**Dataset excerpt:**

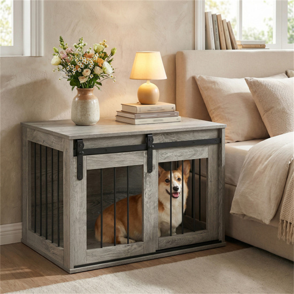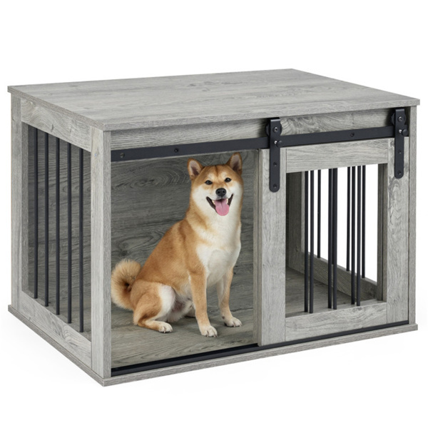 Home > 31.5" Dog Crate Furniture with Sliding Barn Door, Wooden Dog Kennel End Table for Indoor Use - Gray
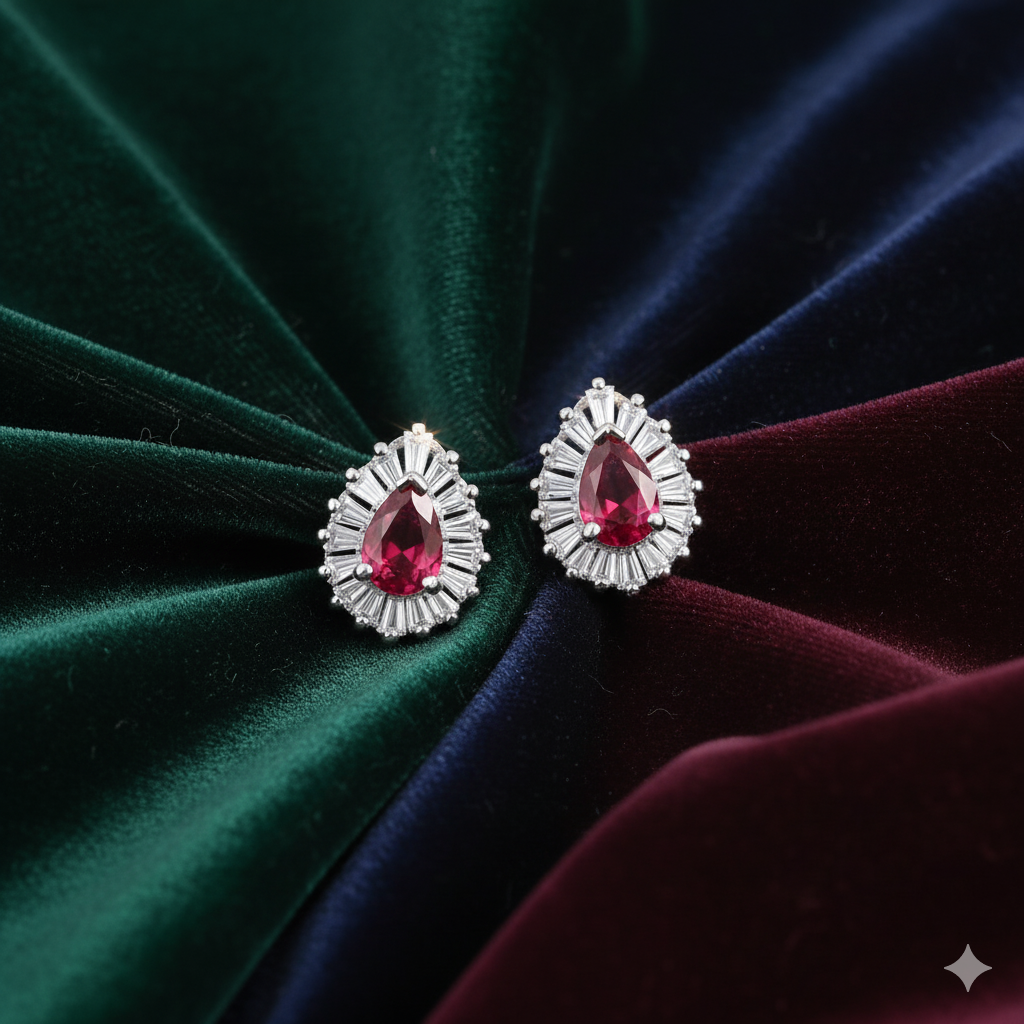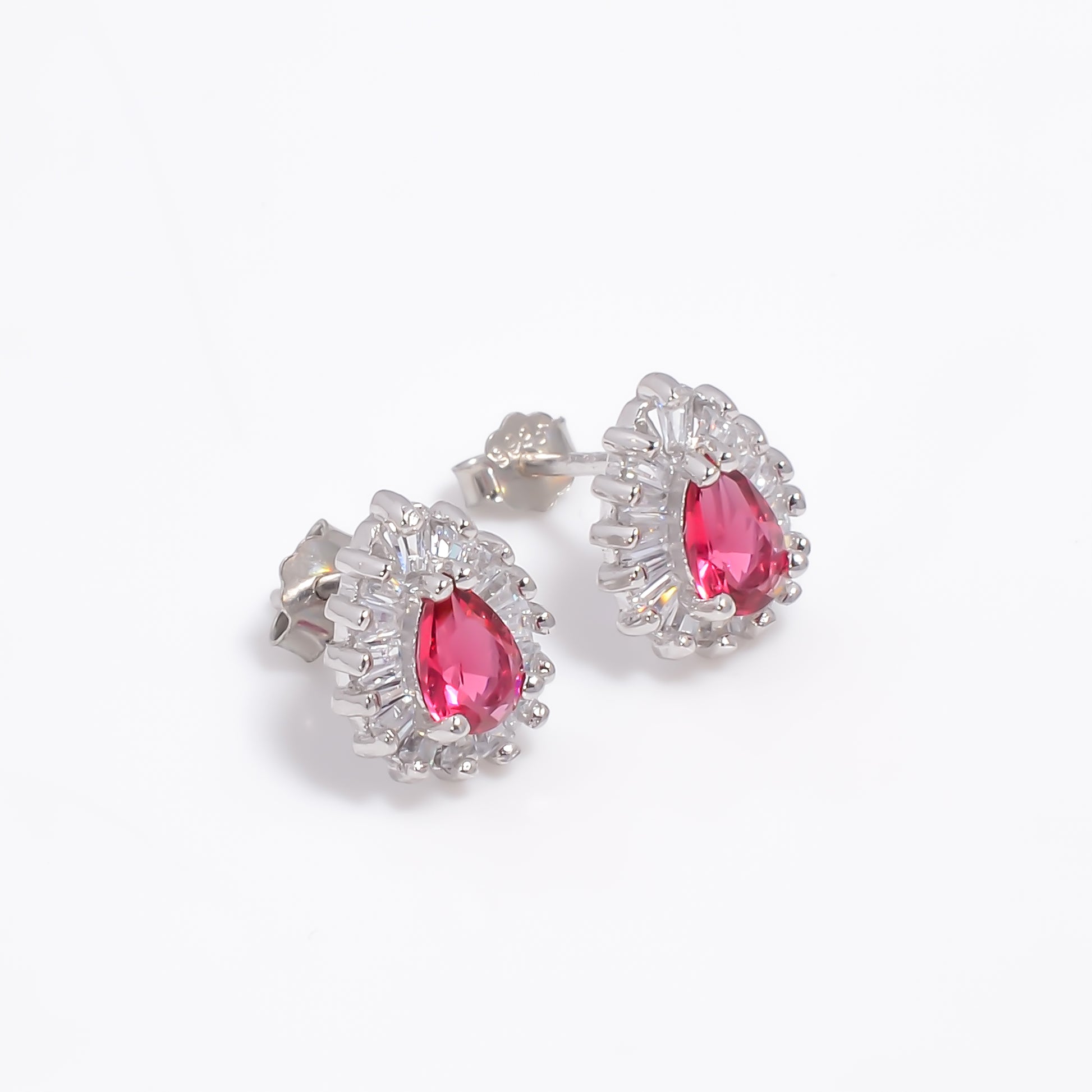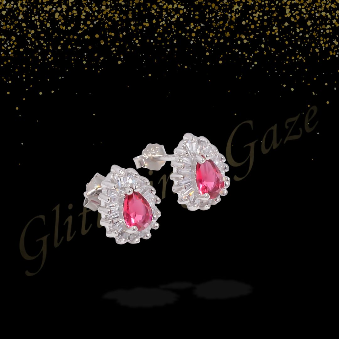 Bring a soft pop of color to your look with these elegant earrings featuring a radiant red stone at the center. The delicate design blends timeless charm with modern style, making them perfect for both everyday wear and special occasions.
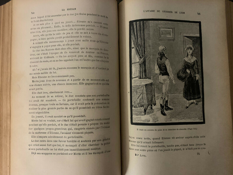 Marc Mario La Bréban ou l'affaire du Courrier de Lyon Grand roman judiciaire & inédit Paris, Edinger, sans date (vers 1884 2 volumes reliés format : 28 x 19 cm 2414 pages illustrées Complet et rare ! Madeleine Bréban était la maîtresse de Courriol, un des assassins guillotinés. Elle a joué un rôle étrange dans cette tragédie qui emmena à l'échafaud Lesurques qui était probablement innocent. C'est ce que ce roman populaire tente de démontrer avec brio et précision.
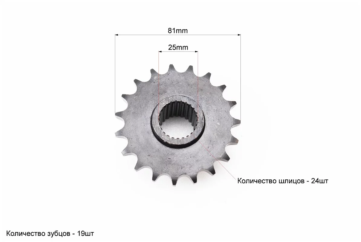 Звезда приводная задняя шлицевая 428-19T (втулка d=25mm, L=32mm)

**Exercise details:** Everything from the line holding "Bring a soft" through the last line of the listing should be written out exactly, except for the pictures.

**Exercise output:**
 Bring a soft pop of color to your look with these elegant earrings featuring a radiant red stone at the center. The delicate design blends timeless charm with modern style, making them perfect for both everyday wear and special occasions.
 Marc Mario La Bréban ou l'affaire du Courrier de Lyon Grand roman judiciaire & inédit Paris, Edinger, sans date (vers 1884 2 volumes reliés format : 28 x 19 cm 2414 pages illustrées Complet et rare ! Madeleine Bréban était la maîtresse de Courriol, un des assassins guillotinés. Elle a joué un rôle étrange dans cette tragédie qui emmena à l'échafaud Lesurques qui était probablement innocent. C'est ce que ce roman populaire tente de démontrer avec brio et précision.
 Звезда приводная задняя шлицевая 428-19T (втулка d=25mm, L=32mm)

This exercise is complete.